Information regarding the disposition of applications is available in the NIH Grants Policy Statement.

Section VI. Award Administration Information

1. Award Notices

If the application is under consideration for funding, NIH will request "just-in-time" information from the applicant as described in the NIH Grants Policy Statement.

A formal notification in the form of a Notice of Award (NoA) will be provided to the applicant organization for successful applications. The NoA signed by the grants management officer is the authorizing document and will be sent via email to the recipient's business official.

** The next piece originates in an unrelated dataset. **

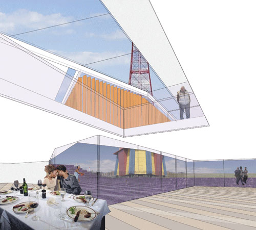 This proposal for a new pavilion, which would feature not only restaurants, office space, shop, tourist centre, and gallery, but also an open civic space, incorporates the dynamic and analogue technology of commercial billboards to display various cultural information flexibly. Situated right next to the famous Parachute Jump Tower and the Coney Island Broadwalk, it would playfully reflect and update the commercial and entertainment heritage of the site.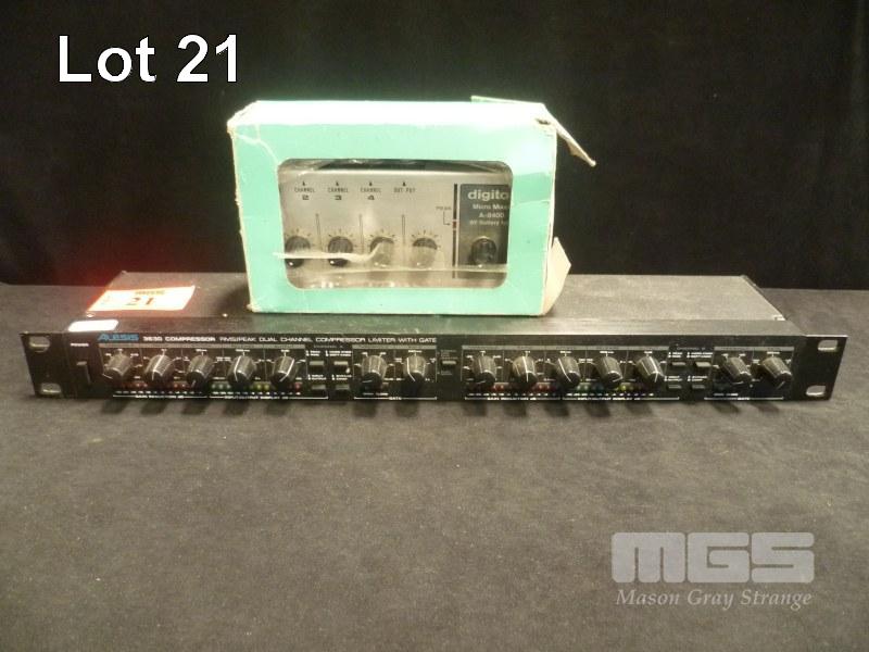 ALESIS 3630 COMPRESSOR, RACK MOUNT (NO POWER SUPPLY) & DIGITOR MICRO MIXER 9V BATTERY TYPE, A-8400

Recipients must comply with any funding restrictions described in Section IV.5. Funding Restrictions. Selection of an application for award is not an authorization to begin performance. Any costs incurred before receipt of the NoA are at the recipient's risk. These costs may be reimbursed only to the extent considered allowable pre-award costs.

Any application awarded in response to this NOFO will be subject to terms and conditions found on the Award Conditions and Information for NIH Grants website.  This includes any recent legislation and policy applicable to awards that is highlighted on this website.

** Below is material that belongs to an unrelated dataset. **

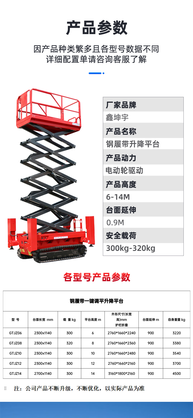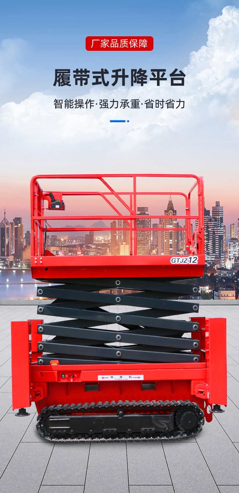 钢履带升降机是一种专为野外复杂路况及工地复杂环境设计的高空作业升降平台其产品特点、优势及应用场合如下:

Institutional Review Board or Independent Ethics Committee Approval: Recipient institutions must ensure that protocols are reviewed by their IRB or IEC. To help ensure the safety of participants enrolled in NIH-funded studies, the recipient must provide NIH copies of documents related to all major changes in the status of ongoing protocols.

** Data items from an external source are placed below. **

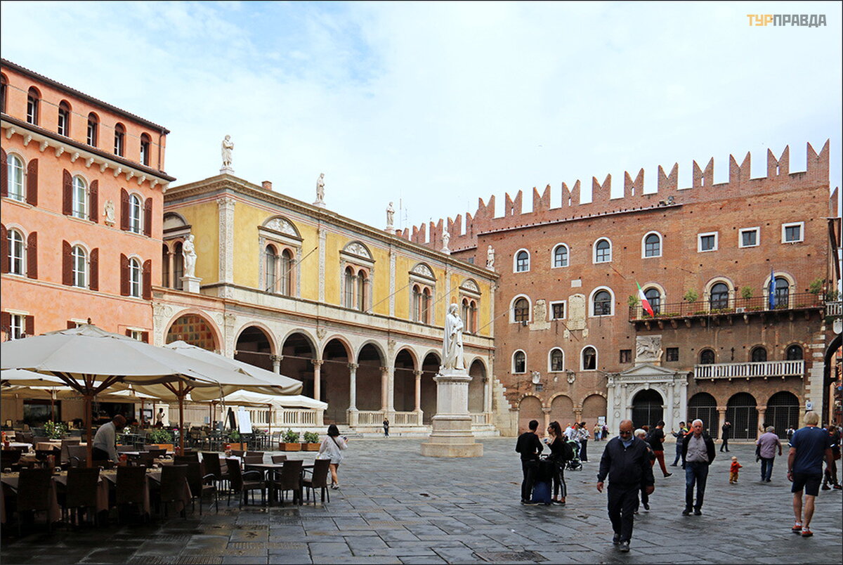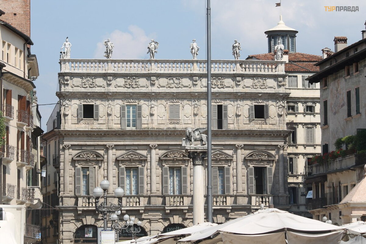 Praktiš kai visi aikš tė s pastatai yra sujungti vienas su kitu grakš č iomis arkomis, kurių viena ribojasi su Sovietų lodž ija. Geltonasis pastatas – rū mai Palazzo del Consiglio(Palazzo del Consiglio) arbaSovietų lodž ijapastatyti 1475–1492 m. Š is pastatas, labiau ž inomas kaip Loggia di Fra Giocondo, yra vienas geriausių ir į mantriausių Veronė s architektū ros pavyzdž ių .
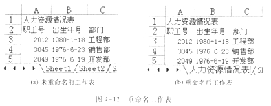 双击工作表标签,输入新的名字即可,或者鼠标右键单击要重新命名的工作表标签,在弹出的菜单中选择“重命名”命令,输入新的名字即可。例如,将“人力资源情况表”所在的Sheetl工作表重新命名为“人力资源情况表”.如图4—12(a)、(b)所示。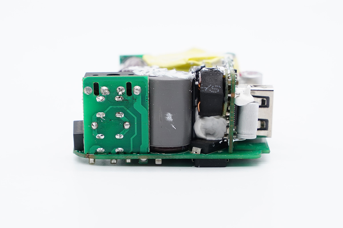 充電器輸出端設(shè)有小板,USB母座垂直焊接在小板上,兩顆濾波固態(tài)電容打膠加固。

2. Administrative and National Policy Requirements

All NIH grant and cooperative agreement awards include the NIH Grants Policy Statement as part of the NoA. For these terms of award, see the NIH Grants Policy Statement Part II: Terms and Conditions of NIH Grant Awards, Subpart A: General and Part II: Terms and Conditions of NIH Grant Awards, Subpart B: Terms and Conditions for Specific Types of Grants, Recipients, and Activities, including of note, but not limited to:

• Federal wide Research Terms and Conditions
• Prohibition on Certain Telecommunications and Video Surveillance Services or Equipment
• Acknowledgment of Federal Funding

If a recipient is successful and receives a Notice of Award, in accepting the award, the recipient agrees that any activities under the award are subject to all provisions currently in effect or implemented during the period of the award, other Department regulations and policies in effect at the time of the award, and applicable statutory provisions.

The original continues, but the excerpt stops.